Это был вопрос, на который ни Сэм, ни Адель не решились отвечать.
— Не так давно я понял, кем мы являемся в действительности: либералами. Мы требуем реформ, хотим улучшить положение простых людей. Для чего? Улучшить их положение материально? Вздор. Это делается только для того, чтобы мы чувствовали себя менее виноватыми. Мы рвем на себе одежду, стремимся показать, что готовы принять любое незаконное требование, если оно исходит от черных, молодежи или выдвинуто тем, кто считает себя обиженным. Мы хотим умиротворить всех и каждого. Вы знаете, кто такой либерал? Либерал — это тот, кто выходит из комнаты, когда начинается драка.

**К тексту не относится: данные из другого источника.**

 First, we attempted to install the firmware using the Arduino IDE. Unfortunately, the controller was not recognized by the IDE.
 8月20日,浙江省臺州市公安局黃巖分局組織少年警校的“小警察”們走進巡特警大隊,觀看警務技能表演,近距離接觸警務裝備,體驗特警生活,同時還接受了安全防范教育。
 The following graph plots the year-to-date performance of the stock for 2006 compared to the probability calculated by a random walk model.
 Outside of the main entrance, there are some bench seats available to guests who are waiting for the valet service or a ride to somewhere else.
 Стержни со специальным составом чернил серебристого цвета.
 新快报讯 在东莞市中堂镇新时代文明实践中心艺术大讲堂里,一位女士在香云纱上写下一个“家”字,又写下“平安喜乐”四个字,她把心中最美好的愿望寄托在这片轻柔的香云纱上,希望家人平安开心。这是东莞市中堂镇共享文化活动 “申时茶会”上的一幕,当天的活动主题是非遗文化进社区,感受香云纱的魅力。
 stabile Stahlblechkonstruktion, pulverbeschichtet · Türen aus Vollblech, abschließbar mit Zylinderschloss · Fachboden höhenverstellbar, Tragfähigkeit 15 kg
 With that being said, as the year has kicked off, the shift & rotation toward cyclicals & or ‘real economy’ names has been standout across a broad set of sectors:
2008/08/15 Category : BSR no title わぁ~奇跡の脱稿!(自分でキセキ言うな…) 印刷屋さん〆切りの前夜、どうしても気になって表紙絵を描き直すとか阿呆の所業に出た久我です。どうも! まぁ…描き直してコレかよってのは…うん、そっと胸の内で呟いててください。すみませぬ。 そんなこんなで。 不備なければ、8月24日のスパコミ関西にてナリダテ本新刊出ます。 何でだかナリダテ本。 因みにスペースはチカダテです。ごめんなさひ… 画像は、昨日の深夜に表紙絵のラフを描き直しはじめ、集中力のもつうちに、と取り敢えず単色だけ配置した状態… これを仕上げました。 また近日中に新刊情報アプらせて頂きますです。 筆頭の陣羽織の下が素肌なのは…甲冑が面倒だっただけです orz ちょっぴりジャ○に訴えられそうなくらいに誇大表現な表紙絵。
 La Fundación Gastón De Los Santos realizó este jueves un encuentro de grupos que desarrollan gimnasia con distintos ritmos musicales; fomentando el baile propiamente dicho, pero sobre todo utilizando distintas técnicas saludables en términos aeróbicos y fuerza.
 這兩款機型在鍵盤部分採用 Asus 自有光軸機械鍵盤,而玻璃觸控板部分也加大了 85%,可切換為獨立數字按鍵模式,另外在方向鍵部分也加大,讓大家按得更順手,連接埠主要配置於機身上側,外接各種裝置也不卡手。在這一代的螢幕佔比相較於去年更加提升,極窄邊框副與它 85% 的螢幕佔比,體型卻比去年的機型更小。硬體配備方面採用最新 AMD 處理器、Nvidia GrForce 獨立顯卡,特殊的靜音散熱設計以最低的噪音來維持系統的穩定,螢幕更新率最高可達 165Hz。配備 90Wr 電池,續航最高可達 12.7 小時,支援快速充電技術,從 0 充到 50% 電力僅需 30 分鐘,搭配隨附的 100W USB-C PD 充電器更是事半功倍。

— Мне кажется, — произнесла Адель, желая разрядить обстановку, — мы являемся свидетелями ухода Пола Бенджамина к правым радикалам. Конечно, это правда, что дальше жить в Нью-Йорке нет никакой возможности. Только те ублюдки, которые творят насилие, могут выжить в городах, подобных этому. Поселите их в деревне, и они тут же погибнут. Там им негде будет спрятаться.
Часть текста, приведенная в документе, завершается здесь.